Update 8:35 – Well, there are potpies in the oven, potatoes in the ground and a scrubbed porch. I think we’re doing pretty well for a couple of old farts!
Update 7:30pm – Tempus is finishing watering the plants and then we’re heading home. Jeanne was in and we talked about OCPPG. Taylor has sent me his info as well. I forgot to mention this morning that the programs are in for Pathways! It looks really, really good this year.
Update 3:05pm – The cloud line has walked up over us, so the sun is going in and out. I just finished filling up the Hanna’s Honey, honey stick display. We have new stock in licorice, wintergreen and sour cherry, plus new flavors of sour lemon and sour apple! I’ve put some of the lemon in my tea and it’s really tasty!
Update 1:20pm –It’s been busy all morning. I’m just sitting down to some lunch, finally. I did get pictures of the garnet ring (in the note text) and some blue topaz earrings (just below) that I just got in. I’ve been trying to place a bindi order and getting nowhere, so I just put a message through to their help desk. I did up a bunch of headers before that. The sun’s out again, and the sky above it blue, but it’s only shoved the fog line a little ways out to sea. Bayshore is still under it.
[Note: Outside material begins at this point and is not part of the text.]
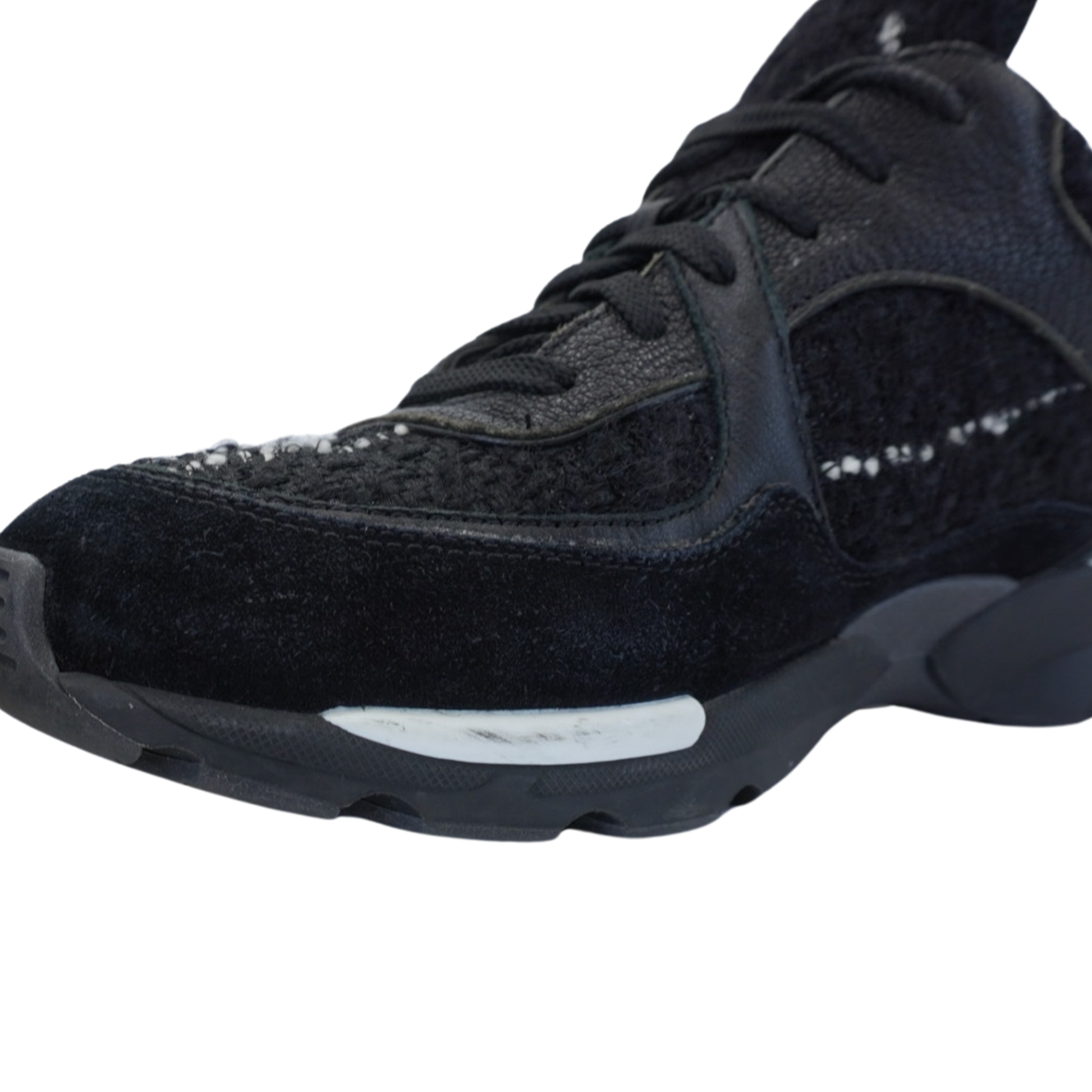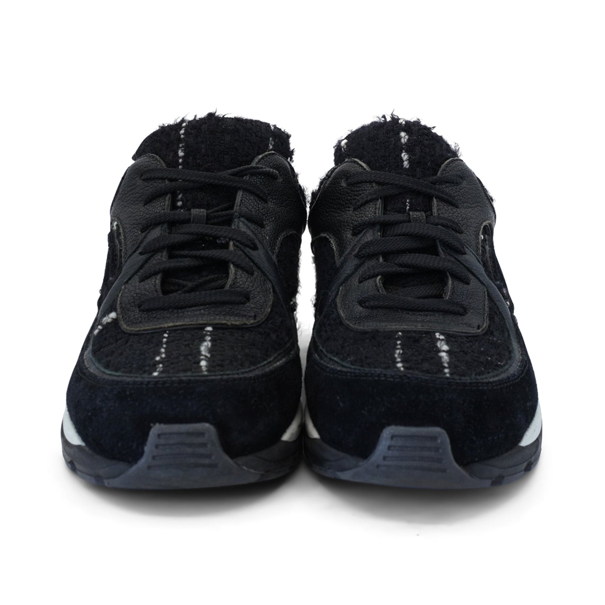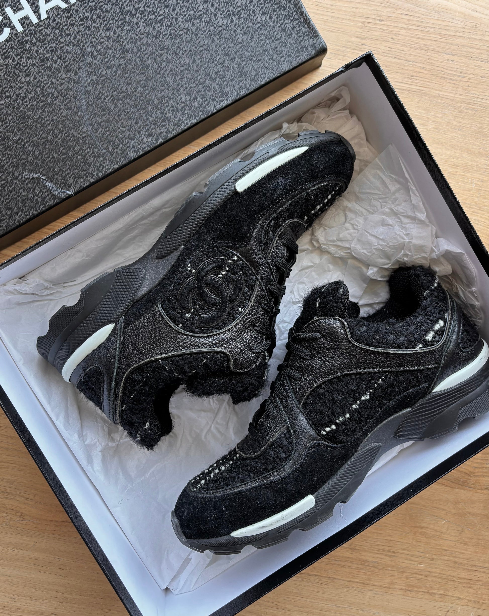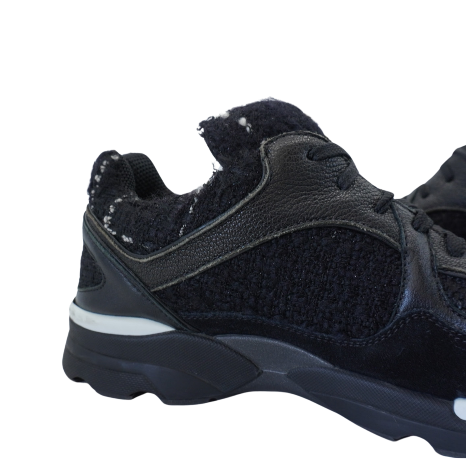 Chanel chunky sneakers in black tweed with leather and suede panels and 'CC' patches on the sides.

I started in right after the newsletter went out yesterday morning with trying to get some of the paper load in my study reduced. I ended up with one box of recycling and one box of things to sort yet that need kept or filed or donated or put somewhere other than in a box…..
It went up to 65F in the early afternoon and I got all the windows open at my end of the house. The sun was very bright for a while. We got the watering done in the garden and I cleaned on the porch, although it keeps getting cluttered back up with stuff that we’re trying to sort from next door.
The clouds rolled back in mid-afternoon and it cooled down. I doubt that we hit the forecast high, but I was too busy to take notice! I got a 2nd box of papers out to the recycling and then sorted two of washables that were fished out of the garage next door.
We ran errands in town to the bank and Post Office, and stopped at the shop to drop off packages that had arrived over our weekend. I managed by late afternoon to get the newsletter body set up for the posts for this coming week and spent quite a while working on the clipart adds to the newsletter.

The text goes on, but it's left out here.